EXERCISE GOAL - Within the records that follow, restate exactly the lines from the line with "Ottimo esordio ai" down to the line with "Damen Wildleder-Optik Biker-Jacke", including both. Omit the pictures.

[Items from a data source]

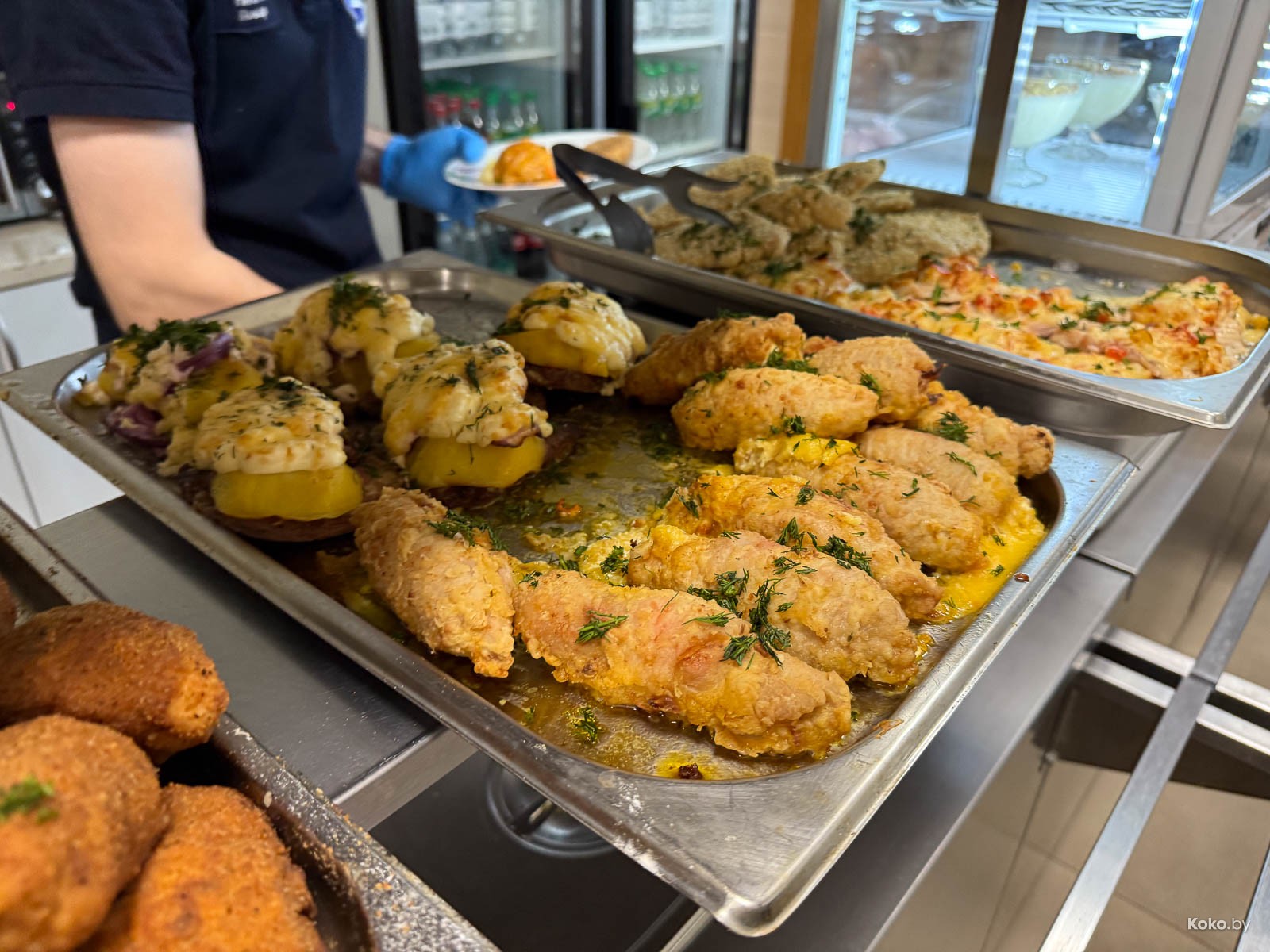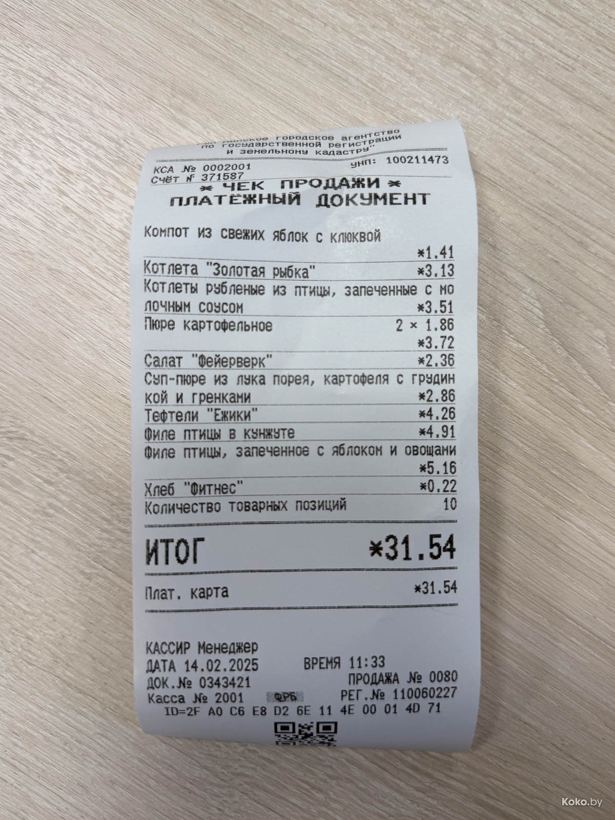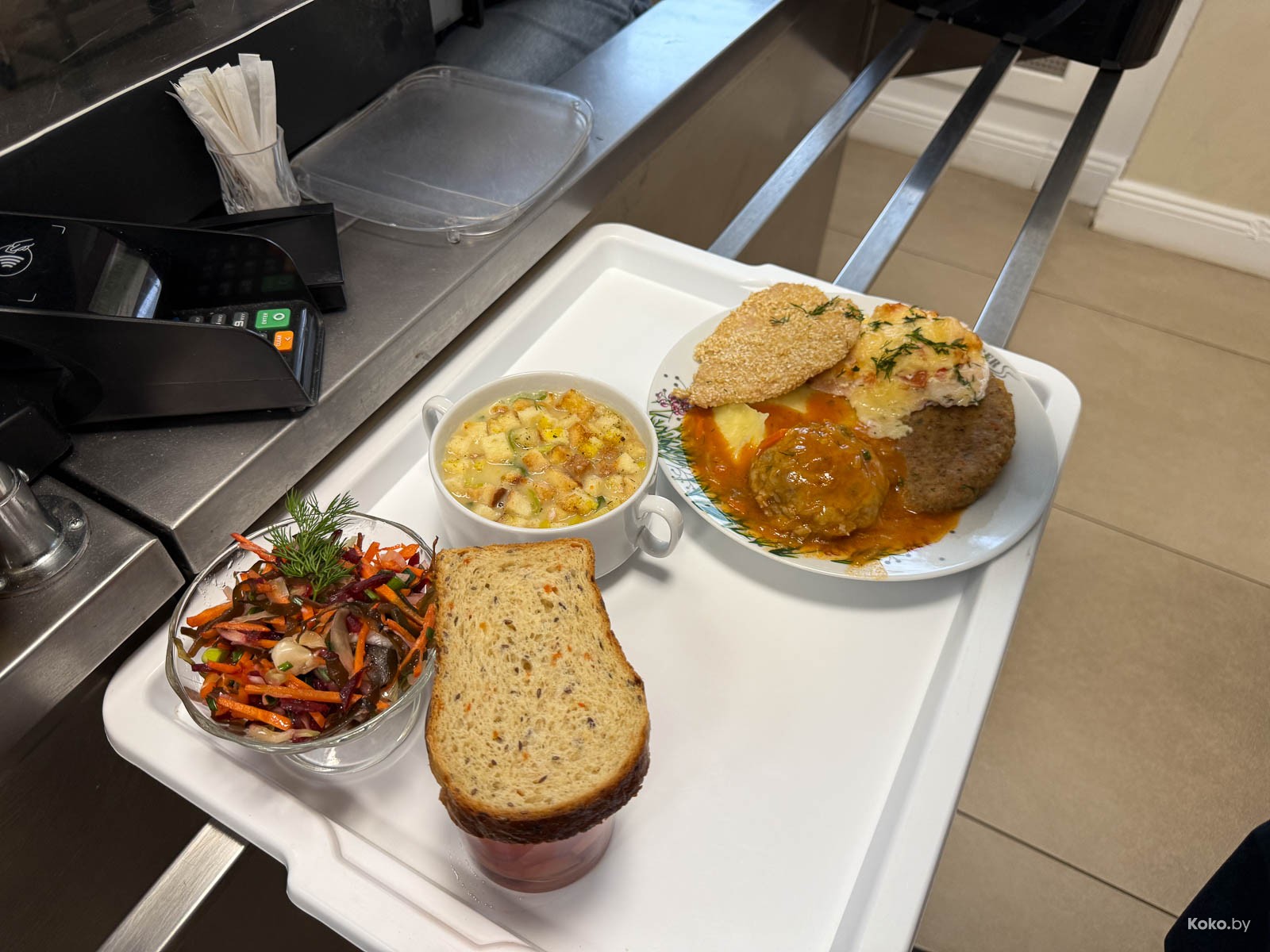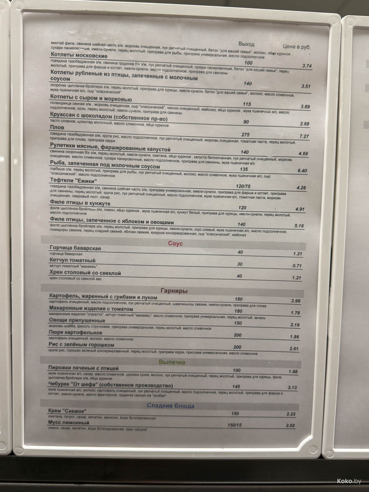 Ого, в хлебном меню самый народный батон из Слуцка на 9 кокобаев.
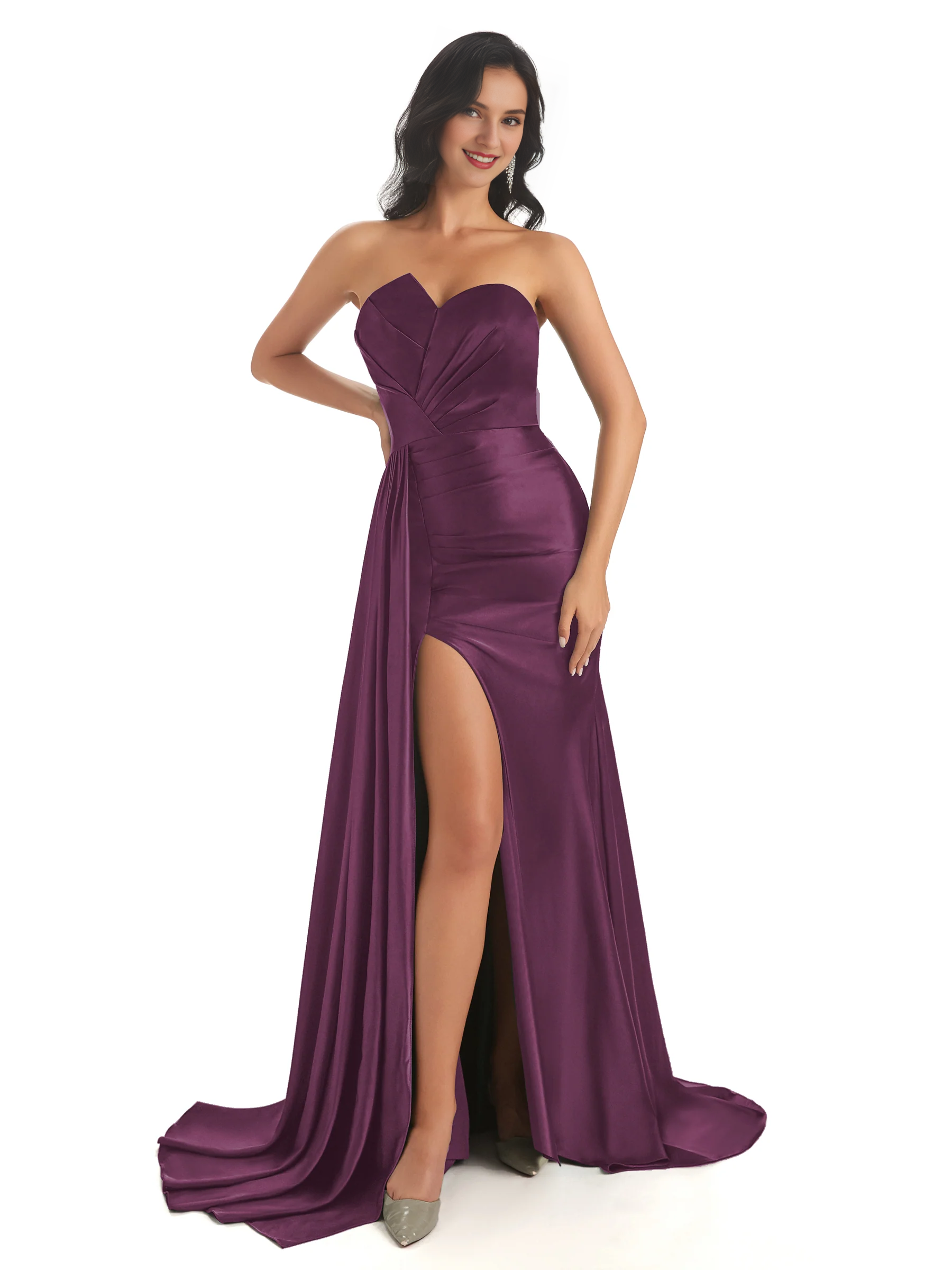 Asymmetric neckline fishtail satin side slit and floor length fishtail bridesmaid dress
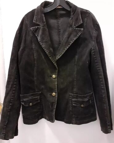 Ženski sako od štofa (kord, rebrasti somot) – brend: Hashun, veličina: XL. - Boja: bež/peskano. - Klasičan kroj sa rever kragnom. - Kopčanje na dva dugmeta. - Džepovi sa preklopom (dva prednja). -...
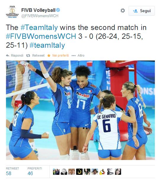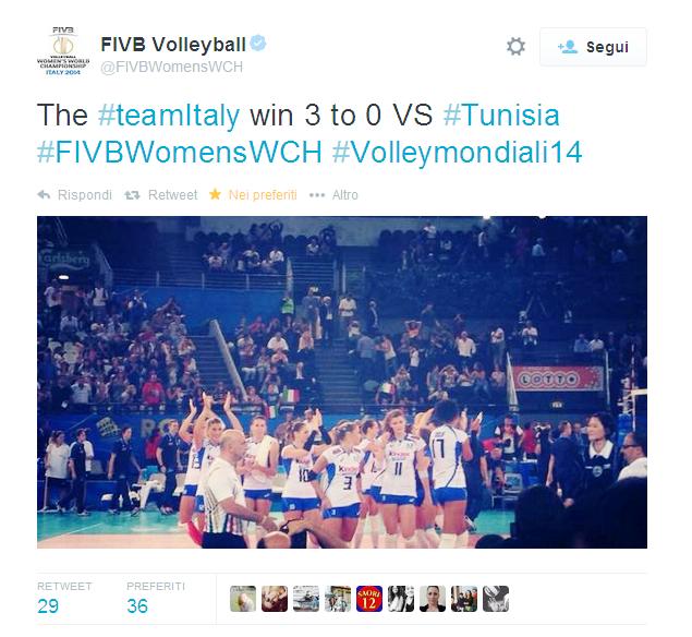 Ottimo esordio ai Mondiali di volley per la Nazionale Italiana Femminile, al PalaLottomatica di Roma batte la Tunisia con un netto 3-0 (25-11 25-13 25-8).
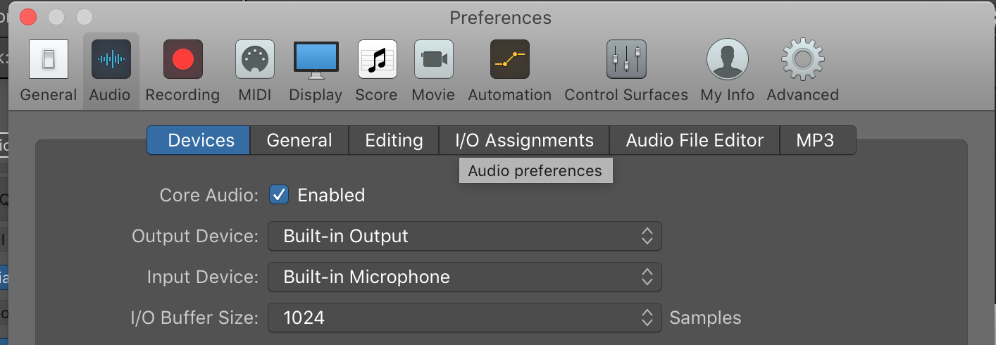 [Logic Pro X 上的 Buffer Size 设置]
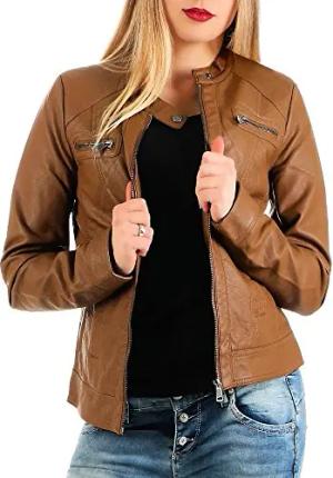 Damen Wildleder-Optik Biker-Jacke OnlSherry Übergangs-Jacke, Weathered Teak,34
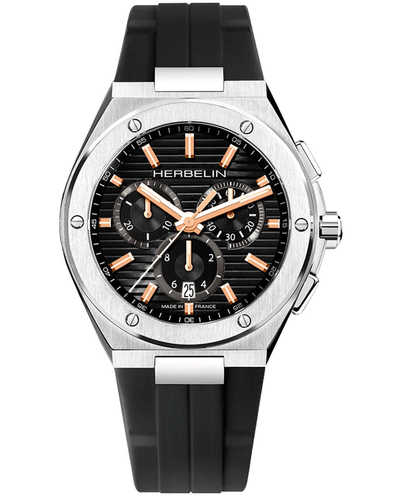 Мужские кварцевые наручные часы-хронографХронографФункция позволяет измерять отрезки времени с особой точностью: часы, минуты, секунды. Верным признаком хронографа является наличие на циферблате 3 дополнительных окошек-счётчиков. Herbelin Cap Camarat 37645A14TR – отражающий идеальное сочетание современного дизайна, надёжности и функциональности. Элегантный облик станет превосходным завершением образа, наделив его индивидуальным характером. Корпус из нержавеющей стали серебристого цвета, диаметром 42 мм, идеально сбалансирован и элегантен. Сапфировое стеклоСапфировое стеклоПрочный и надёжный материал из кристалла сапфира синтетического происхождения, характеризующийся особой твёрдостью и устойчивостью к царапинам и повреждениям. защищает циферблат от царапин и устойчивое к механическим повреждениям. БезельБезельВнешний ободок, закрепляющий стекло. В спортивных часах так называется поворотное кольцо с делениями на циферблате, выполняет роль таймера – замеряет отрезки времени на шкале. Неподвижный безель – элемент декора. Однонаправленно вращающийся безель на дайверских часах позволяет фиксировать моменты погружения и выныривания на поверхность. украшен винтами, заводная головка с защитой. Окошко даты находится в положении 6 часов. Стрелки и метки с люминесцентным покрытиемЛюминесцентное покрытиеПозволяет считывать показания времени в темноте. Производители наносят на стрелки, часовые индексы, безель или поверхность циферблата светонакопительный состав, дающий холодное свечение.. Каучуковый ремешок на стандартной застежке обеспечивает комфортное ношение. Водозащита 100 метров позволит плавать, нырять и заниматься другими водными видами спорта. Эта модель – отличный выбор для тех, кто ищет сочетание стиля, качества и функциональности. Часы станут не только полезным аксессуаром, но и выразительным элементом вашего имиджа.
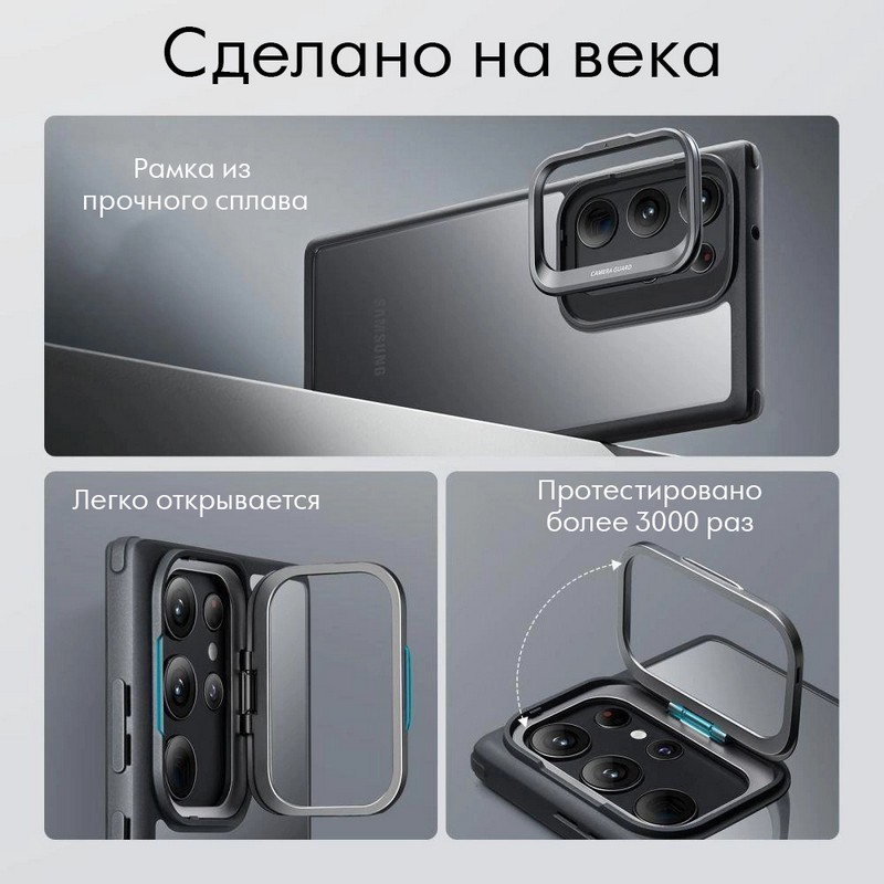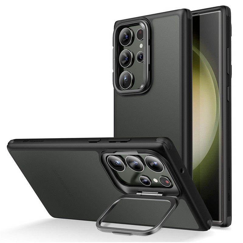 Чехол премиум качества с металлической подставкой (доп. защита камер) для телефона Samsung 23 Ultra, ESR, матово-черный

EXPECTED ANSWER -
 Ottimo esordio ai Mondiali di volley per la Nazionale Italiana Femminile, al PalaLottomatica di Roma batte la Tunisia con un netto 3-0 (25-11 25-13 25-8).
 [Logic Pro X 上的 Buffer Size 设置]
 Damen Wildleder-Optik Biker-Jacke OnlSherry Übergangs-Jacke, Weathered Teak,34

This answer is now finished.